Tuesday, August 10, 2010

Bonus! Montage of outback music videos

If you were to believe the montage of Australian life depicted in numerous 1980s music videos, you would walk away convinced that ours is a land of five-foot weeds, deserted dusty roads and road trains, populated by lost, lonesome damsels in floral dresses and randy guitar-players with restless leg syndrome. For this reason, the prize chest of '80s videos are something of a gold strike for sociological study: the below clips are a catastrophically insightful window on how the musicians viewed themselves and their country.



Things of Stone and Wood's hit "Happy Birthday Helen" is a celebration of all the Melbourne landmarks and harmonica riffs that could fit into one music video. The four band members don their flannel and hit the four-part harmonies in front of a shoe repair shop before ripping out a tambourine and turning up the heat. Helen, I hope shoulder length hair was what you wanted from your boyfriend on your birthday.



Currently anchoring several pantomimes and musical revivals, Craig McLachlan of "Neighbours" fame branched out from playing a wooden, denim-clad soapie character to taking his denim out into the wilderness of Top 40 contention. The resulting "Mona" remains one of the least musical songs ever constructed (note the questionable close ups on the frets early in song), and one I am convinced he dreamed up while drumming on his coaster down the pub. The setting for this ode is inevitably reached via a ride in the back of a ute. Upon arrival to the rural extremities of pop music, McLachlan pops his shirt buttons open and lets his chest do the singing.



When you arrive in Australia, you can of course expect your ride from the airport in a ute to be chased by a herd of small, semi-clad children. Unlike the offspring of other developing countries who cry out for soccer balls, Australian mites are after nothing more than a spirited, unironic power ballad, and Darryl Braithwaite is the man to deliver.

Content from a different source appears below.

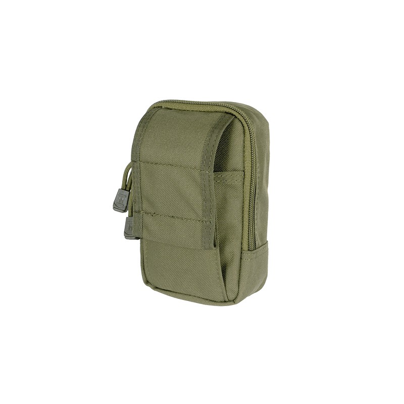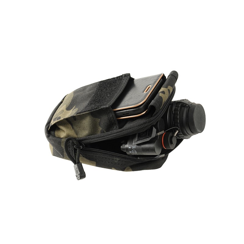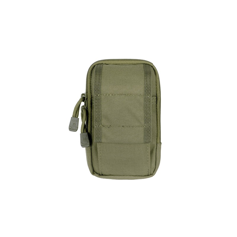 Bolsa multiusos de fácil acceso con bolsillo para teléfono móvil o radio y compartimento principal con cremallera para organizar otro equipo. Compatible con sistema MOLLE/PALS.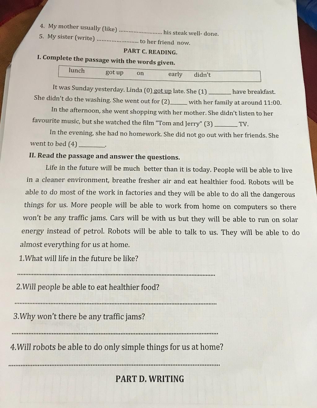 It was Sunday yesterday. Linda (example) got up. She (1) ……didn't……… have breakfast. She didn’t do the washing. She went out for (2) ……lunch…… with her family at around 11 am. In the afternoon, she went shopping with (3) ………her………mother. She didn’t listen to her favorite music, but she watched the film “Tom and Jerry” (4) ………on………TV. In the evening, she had no homework. She didn’t go out with her friends. She went to bed (5) ……early……….

The seminal classic, "Land downunder" has perpetuated the greatest assault on Australia's legitimacy in modern years. Not only do the lyrics make no sense, but you've got six fellows out in the desert banging beer bottles and kicking up dust like there's no tomorrow. For Men at Work, there really wasn't.



Lastly, a personal favorite is Ian Moss's "Telephone Booth," which contains the open road, lost girl and lonely guitar serenading tropes so cardinal to Australian '80s pop. Not only is it catchy, but there's big hair to be had, and an ode to Telecom's long-lost public telephones dotted, apparently, across the outback.